DATA RECORDS:
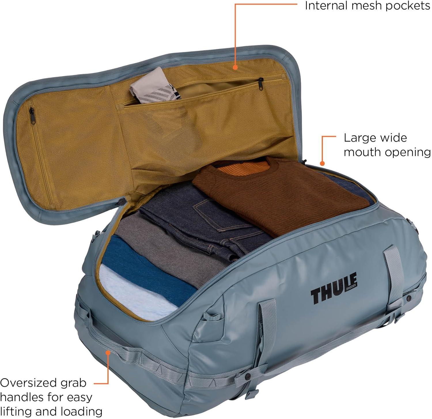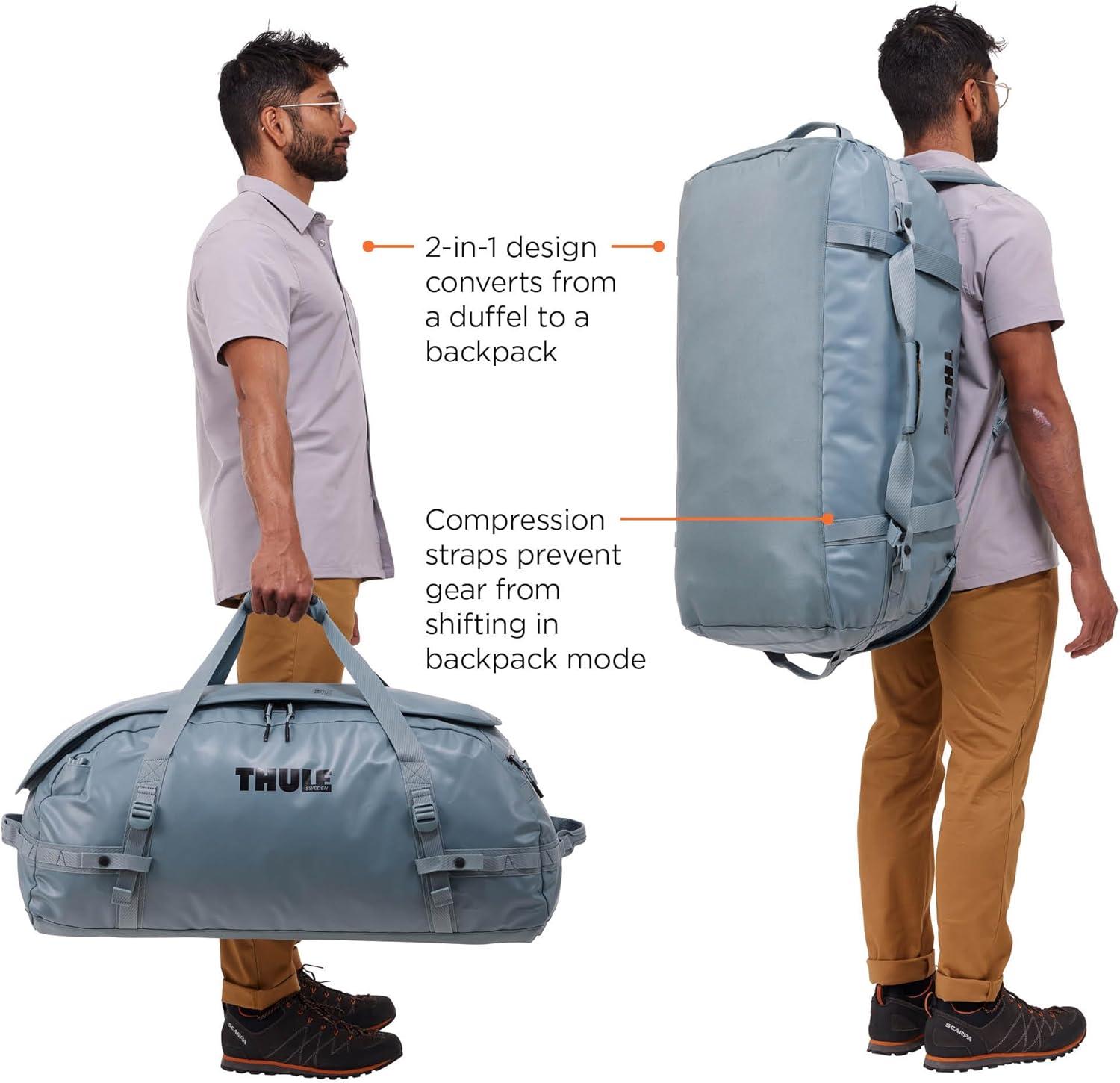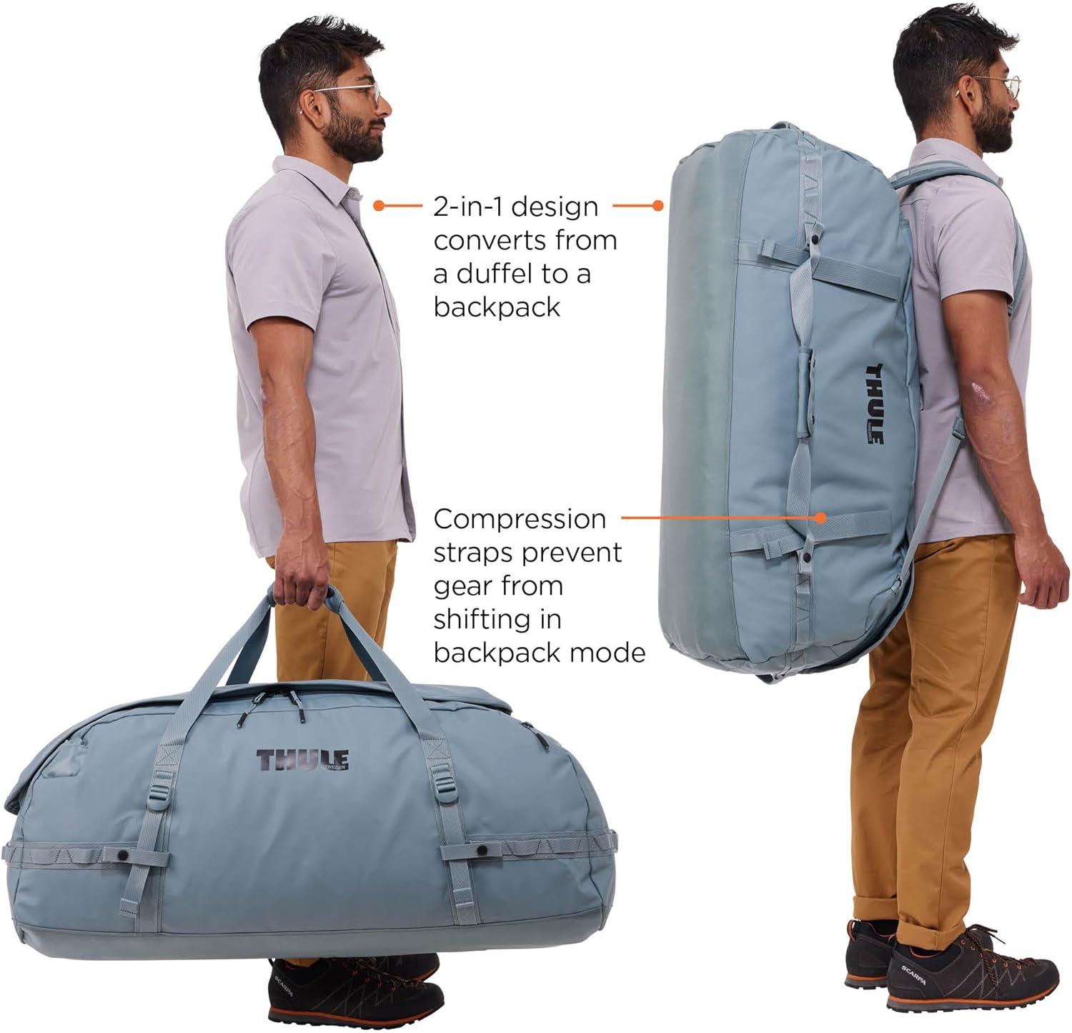 Thule Chasm Duffel bag, Weather-resistant materials, Easy packing, Converts to backpack, Internal pockets, Travel-ready(POND GRAY)
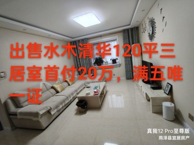 出售水木清华120平,精装修三居室送地面储藏间,首付25万。
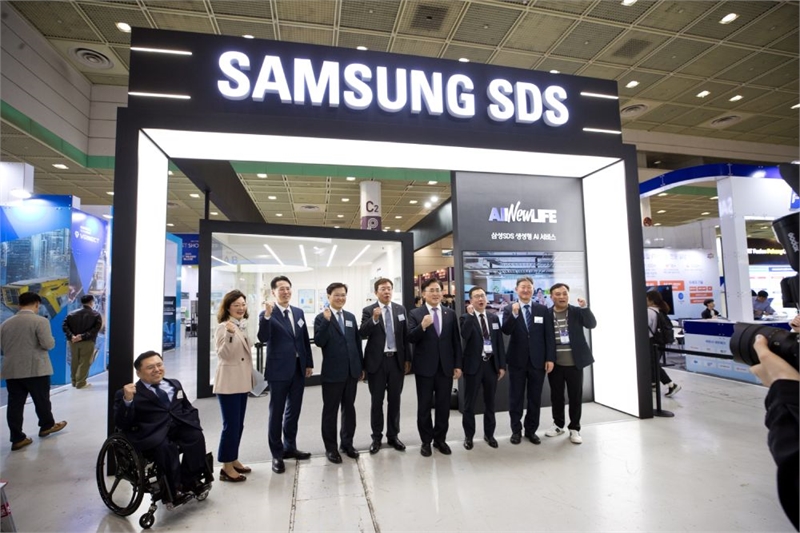 유상임 과학기술정보통신부 장관이 24일 서울 강남구 코엑스에서 열린 2025 월드IT쇼 '삼성SDS' 전시관에서 관계자들과 기념 촬영하고 있다. (자료=과학기술정보통신부)
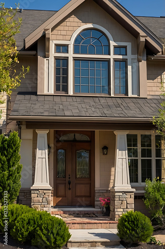 Elegant Home Exterior with Stone Accents and Classic Design. This stunning house features a beautiful facade, grand entrance, and meticulous landscaping, creating a luxurious and inviting atmosphere.
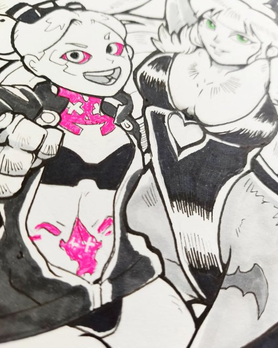 Inktober 18 Morrigan from DarkStalker & Rebecca from Cyberpunk2077 #inktober2022 #inktober #Cyberpunk2077 #Cyberpunkrebecca #morrigan #Darkstalkers #fanart #commissionsopen
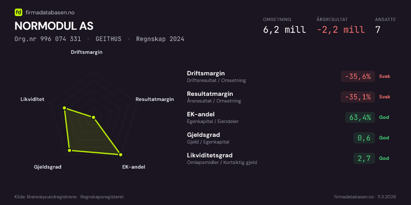 NORMODUL AS,GEITHUS — jo større areal, jo sterkere økonomi.Org.nr 996 074 331 · Regnskap2024

REQUIREMENT: Once you find the line containing "出售水木清华120平,精装修三居室送地面储藏间,首付25万。", transcribe it and each line after it to the end of the records exactly, and leave out the pictures.

SOLUTION FOR THIS TASK:
 出售水木清华120平,精装修三居室送地面储藏间,首付25万。
 유상임 과학기술정보통신부 장관이 24일 서울 강남구 코엑스에서 열린 2025 월드IT쇼 '삼성SDS' 전시관에서 관계자들과 기념 촬영하고 있다. (자료=과학기술정보통신부)
 Elegant Home Exterior with Stone Accents and Classic Design. This stunning house features a beautiful facade, grand entrance, and meticulous landscaping, creating a luxurious and inviting atmosphere.
 Inktober 18 Morrigan from DarkStalker & Rebecca from Cyberpunk2077 #inktober2022 #inktober #Cyberpunk2077 #Cyberpunkrebecca #morrigan #Darkstalkers #fanart #commissionsopen
 NORMODUL AS,GEITHUS — jo større areal, jo sterkere økonomi.Org.nr 996 074 331 · Regnskap2024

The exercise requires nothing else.